Here I want to describe the geometry behind a certain method for computing solutions to
these systems, known as Cramer's rule.
The relevant background needed here is an understanding of determinants, dot products,
and of linear systems of equations, so be sure to watch the relevant videos on those
topics if you're unfamiliar or rusty.
But first!
I should say up front that Cramer's rule is not the best way for computing solutions
to linear systems of equations.
Gaussian elimination, for example, will always be faster.
So why learn it?
Think of this as a sort of cultural excursion; it's a helpful exercise in deepening your
knowledge of the theory of these systems.
Wrapping your mind around this concept will help consolidate ideas from linear algebra,
like the determinant and linear systems, by seeing how they relate to each other.

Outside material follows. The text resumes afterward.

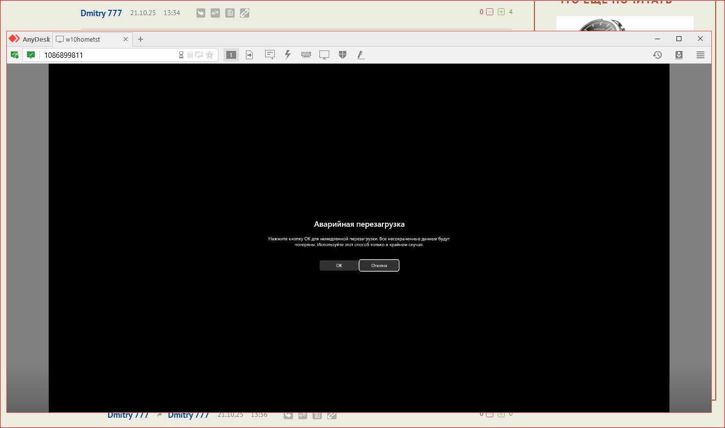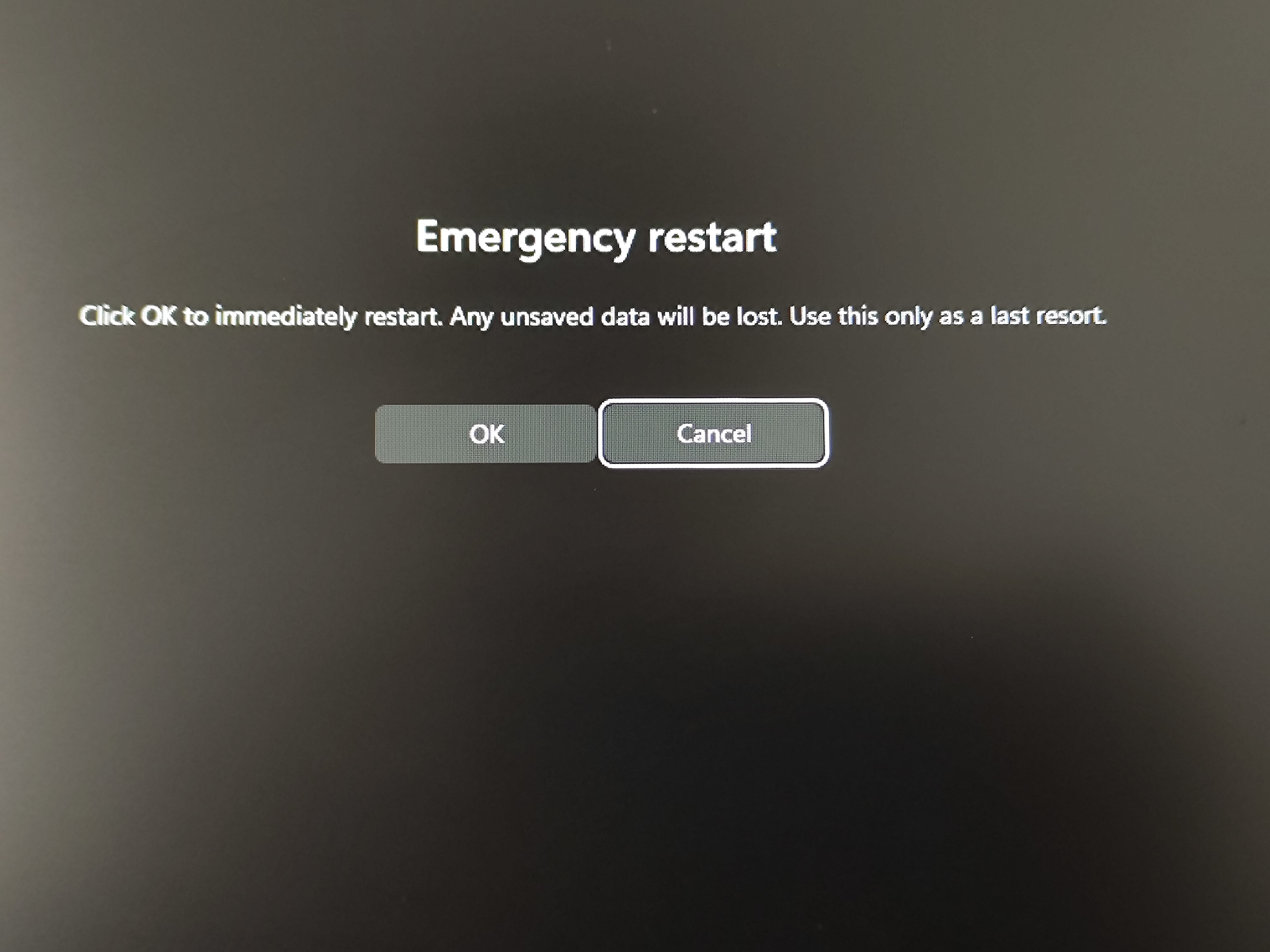 Это действие приводит к появлению на экране сообщения о попытке аварийной перезагрузки и добавлению: «Нажмите «ОК» для немедленной перезагрузки. Все несохранённые данные будут потеряны». В конце сообщения говорится: «Используйте это только в крайнем случае». Нажмите «ОК», и ваш компьютер выключится и включится в обычном режиме.

Also, from a purely artistic standpoint, the ultimate result is just really pretty to think
about, much more so that Gaussian elimination.
Alright, so the setup here will be some linear system of equations, say with two unknowns,
x and y, and two equations.
In principle, everything we're talking about will work systems with a larger number of
unknowns, and the same number of equations.
But for simplicity, a smaller example is nicer to hold in our heads.
So as I talked about in a previous video, you can think of this setup geometrically
as a certain known matrix transforming an unknown vector, [x; y], where you know what
the output is going to be, in this case [-4; -2].
Remember, the columns of this matrix tell you how the matrix acts as a transform, each
one telling you where the basis vectors of the input space land.
So this is a sort of puzzle, what input [x; y], is going to give you this
output [-4; -2]?
Remember, the type of answer you get here can depend on
whether or not the transformation squishes all of space into a lower dimension.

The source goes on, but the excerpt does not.